Over the past week, the lawyers for two people charged with producing a controlled substance argued in a Kelowna Supreme Court that the drugs and paraphernalia seized by police while executing a search warrant should not be used as evidence in the impending trial.
On April 29, 2020, Kelowna police executed a search warrant at Michelle Collins and Nigel Byrne’s home under the suspicion that the pair were running a drug trafficking operation.
Both Collins and Byrne appeared in Kelowna court on May 9, and are not in custody.
On the day of the search, police staked out the home and waited until Byrne left. Once he was away from the home, officers arrested him while another group of Mounties used a battering ram to gain access to the residence.
During the search, the police found more than $27,000 in Canadian cash, 25,000 Mexican pesos and several illicit and prescription substances, including heroin, fentanyl, cocaine, methamphetamine, psilocybin mushrooms and a number of different pills.
Now, the defence lawyers for Collins and Byrne are arguing that RCMP committed violations of the Charter of Rights and Freedoms when executing the search warrant.
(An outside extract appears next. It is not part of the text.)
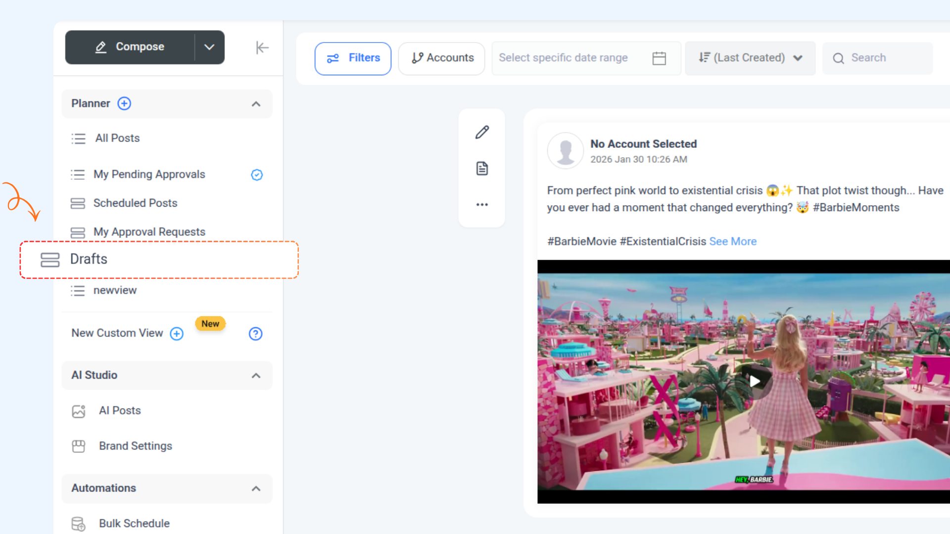 The Drafts view shows all posts that are saved as drafts but not yet scheduled or published, making it easy to continue working on unfinished content.

If the judge rules in favour of the defence, the drugs and paraphernalia will not be able to be entered into evidence in Collins and Byrne’s trial where they are facing multiple charges of possession of a controlled substance for the purpose of trafficking and distribution.
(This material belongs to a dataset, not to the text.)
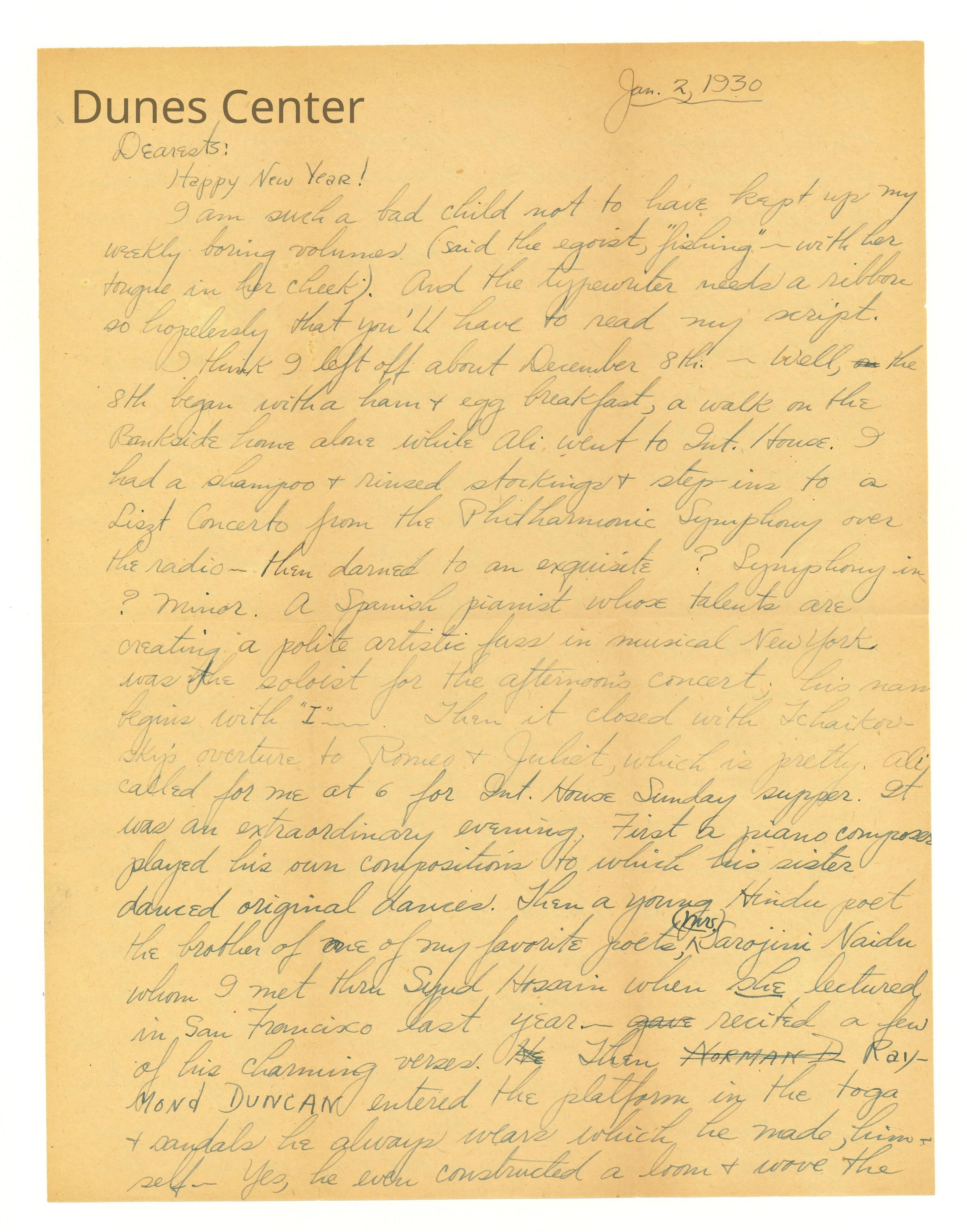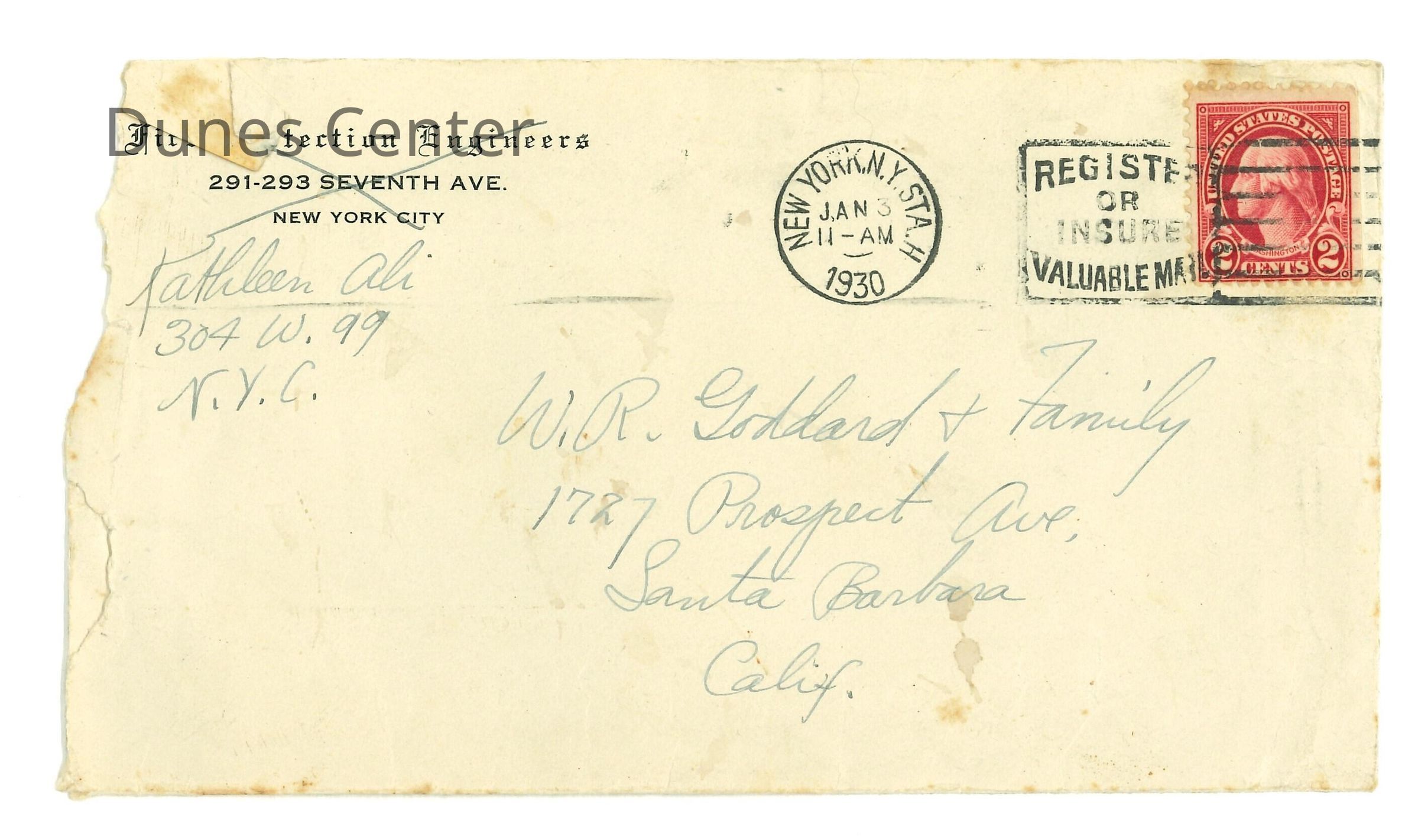 January 2, 1930, New York City, Letter from Kathleen Ali to W.R. Goddard & Family, Happy New Year Letter desribing her December, envelope includedEntry/Object ID

The defence is alleging that there was a Section 8 Charter of Rights and Freedoms violation, as RCMP did not announce their presence or intentions before entering the home.
A video shown to the court shows an officer quietly approaching the house, using a battering ram nine times on the front door before moving to the side door where police gained access to the home. After opening the side door RCMP could be heard identifying themselves and announcing that they were there with a search warrant.
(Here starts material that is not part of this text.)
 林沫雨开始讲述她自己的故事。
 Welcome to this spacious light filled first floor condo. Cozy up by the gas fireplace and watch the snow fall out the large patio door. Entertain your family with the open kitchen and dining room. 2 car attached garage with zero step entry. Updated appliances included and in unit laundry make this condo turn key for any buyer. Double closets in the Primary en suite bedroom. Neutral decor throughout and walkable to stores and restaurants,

A Mountie who was called to the stand as a witness, whose name is protected under a publication ban, said that he does not recall announcing his presence, but said that officers wanted to use the element of surprise in the search, to ensure no evidence was destroyed by Collins before she was arrested.
The defence also alleges that the police caused excessive damage to the property by ramming the front door nine times with a battering ram.
After entering the home Collins was arrested and the defence alleges that the police asked her for identification before informing her she was entitled to a lawyer. If proven, this may constitute a Section 10 violation of the Charter, which states that people have the right to counsel and must be informed of this right upon arrest.
Additionally, a copy of the warrant was not left at the residence or given to Collins after the search, which violates the law that was in place at the time of the search, according to the defence. The officer who took the stand on Tuesday, May 9, was questioned about leaving the warrant behind and said that he can not recall who was in charge of leaving a copy of the document and cannot remember if one was left at the residence.
The defence lawyers are not challenging the warrant itself, but how it was conducted.
Closing arguments were made in court on Wednesday, and the judge will make a decision at a later date.